Amor de mãe para toda vida

A farmacêutica Ednilza e Débora Guedes vivem uma história de amor de mãe e filha que se fortaleceu após a descoberta da doença da filha aos 13 anos

Que amor de mãe é infinito e supera todas as dificuldades não é nenhuma novidade. Mas o diferencial está nas mais diversas formas de expressar esse amor incondicional. Afinal, qual é a mãe que não dedica todas as horas de sua vida ao seu rebento e ao menor sinal de que ele pode estar em perigo, move o céu e a terra, para ajudá-lo. É o caso da farmacêutica bioquímica Ednilza Guedes, 49, suplente do Conselho Federal de Farmácia (CFF), que ao descobrir que a filha Débora, aos 13 anos de idade, era portadora de diabetes tipo 1, teve que mudar a rotina de vida dela.

Segundo Ednilza, a notícia que chegou quando a filha estava na adolescência, ao primeiro momento deixou completamente sem chão. “Os sintomas como emagrecimento, infecção urinária, e um nível de diabetes acima de 500mg/dl com cetoacidose (nível extremamente perigoso para quem contrai a doença), foram comprovados e ela foi internada na no Centro de Tratamento Intensivo (CTI). Naquele momento não sabia qual era o rumo da minha vida, pois sendo da área de saúde me perguntava porque estava passando por essa prova”, contou.

Os valores de glicemia considerados normais, após jejum de oito horas, são de 70 a 99 mg/dl. Para os médicos, valores acima de 126 mg/dl indicam uma suspeita de diabetes, exigindo a realização de exames mais específicos, dentre os quais a curva glicêmica (teste de tolerância a glicose ). No entanto, valores 20% acima de 126 mg/dl são suficientes para se afirmar que uma pessoa é diabética.

A farmacêutica bioquímica pensou em desistir de tudo que fazia como profissional, inclusive do laboratório que havia acabado de montar, mas o amor de mãe falou mais alto. “Muitas reportagens, estudos, seminários nos mostram que os diabéticos podem ter uma vida normal, e concordo plenamente, só que no cotidiano a prática não é tão simples assim”, comentou.

Cinco anos

Hoje, Ednilza mantém uma rotina quase normal com a filha, que hoje tem 18 anos, utilizando e cumprindo a dosagem de insulina que a jovem precisa tomar. Ela também relata que a filha tem uma rotina “policiada” durante 24 horas. “Ao acordar, a Débora tem que medir a dosagem de insulina, e isso se repete por mais duas vezes ao dia ou mais. Quando o nível da diabetes sobe, ela precisa tomar a dose de insulina. Além disso, temos uma atenção redobrada com a alimentação”, contou Ednilza.

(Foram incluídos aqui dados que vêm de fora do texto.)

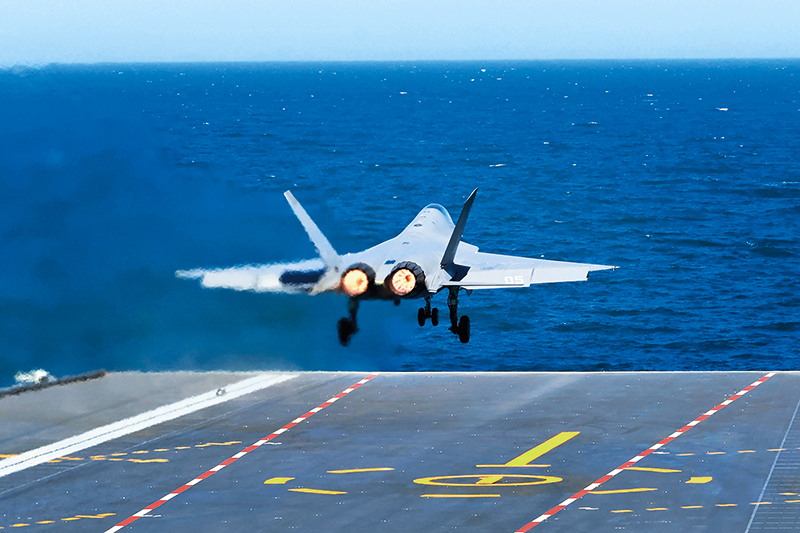 歼 -35舰载战斗机在福建舰电磁弹射起飞 琚振华摄 / 本刊

A grande expectativa da farmacêutica, agora, é a tão esperada chegada da bomba de infusão de insulina em Manaus. O equipamento está em fase de compra pelo Sistema Único de Saúde (SUS). “Será mais uma conquista para melhor controle da insulina e maior qualidade no seu tratamento”, avaliou. O aparelho eletrônico do tamanho de um celular é ligado ao corpo por um cateter com uma agulha flexível na ponta. A agulha é inserida na região subcutânea do abdômen, braço ou da coxa, e deve ser substituída a cada dois ou três dias. “Cada vez que o corpo da Débora necessitar da insulina, vai liberar automaticamente, sem muitas agulhadas”, completou.

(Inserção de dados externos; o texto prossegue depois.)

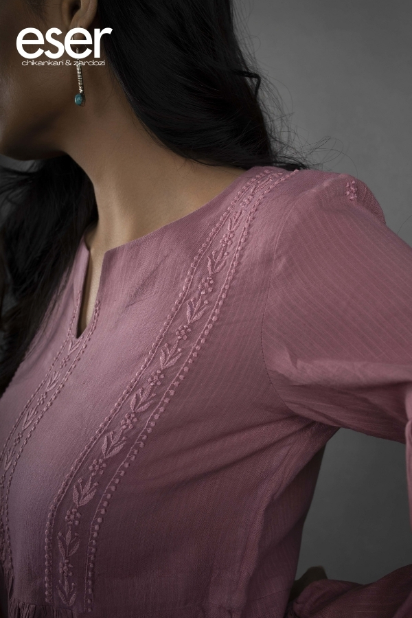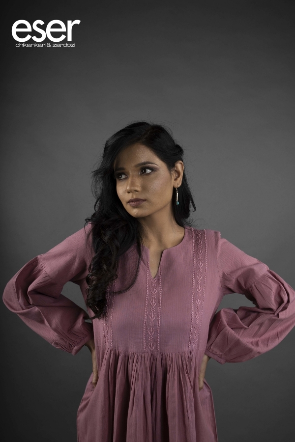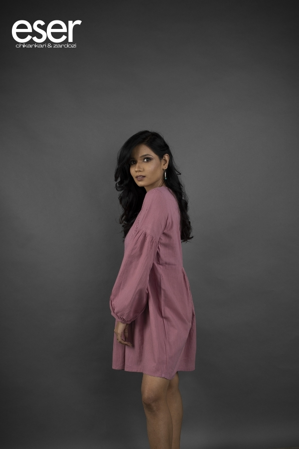 Copper Rose Short Dress | Eser brings together timeless elegance and contemporary ease in a graceful summer silhouette. Crafted from breathable cotton in a soft mauve hue, the dress offers lightweight comfort while maintaining a refined, feminine appeal. The yoke is delicately adorned with chikankari hand embroidery, adding subtle artisanal detail that enhances the understated design. Graceful balloon sleeves lend a soft, flowy character to the silhouette, while the gathered waistline creates a flattering shape that moves effortlessly with the body. With its airy fit and relaxed charm, this dress is perfect for warm summer days—whether styled for brunch, a casual evening out, or a holiday getaway. Material: Cotton | Size: Chest 34 inches, Length 34 inches Care Instructions: Dry clean, hand wash or machine wash with similar light-coloured garments. Do not bleach. Shipping Information: The product will be shipped within one week of order. Shipping available within India only. Disclaimer: Colour may slightly differ due to screen settings and lighting conditions. The slip does not accompany the dress, unless specifically mentioned in the respective description.

Sem palavras para tanto amor

Para a universitária Débora Guedes, não existem palavras para descrever o amor dela pela mãe. “Minha mãe é meu céu, meu chão, minha vida, meu tudo. Ela me deu a vida quando fui gerada e continua doando todos seus momentos para me manter viva e feliz. O que eu vou dizer se não que a amo incondicionalmente”.

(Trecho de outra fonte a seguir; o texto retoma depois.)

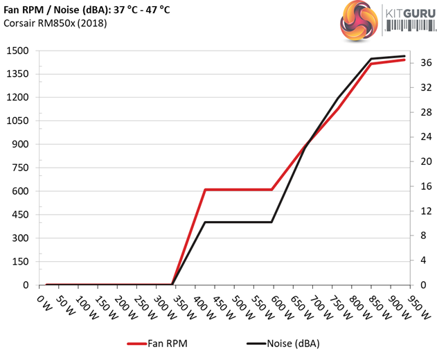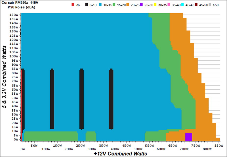 The next chart shows the cooling fan's speed (again, in RPM) and output noise. We measure acoustics from one meter away, inside a hemi-anechoic chamber. Background noise inside the chamber is below 6 dB(A) during testing (it's actually much lower, but our sound meter’s microphone hits its floor), and the results are obtained with the PSU operating at 37°C (98.6°F) to 47°C (116.6°F) ambient temperature.

Ednilza conta que faz e faria tudo outra vez, mas revela que ainda tem um sonho para transformar a vida da filha e de todas as pessoas que tem diabetes: que seja descoberta a cura da doença. “O presente de Deus mais especial que eu poderia receber seria a cura para a doença da Débora para que ela pudesse ter uma vida normal. Hoje ela se policia 24 horas para que a diabetes não se agrave”, desabafou a mãe da jovem.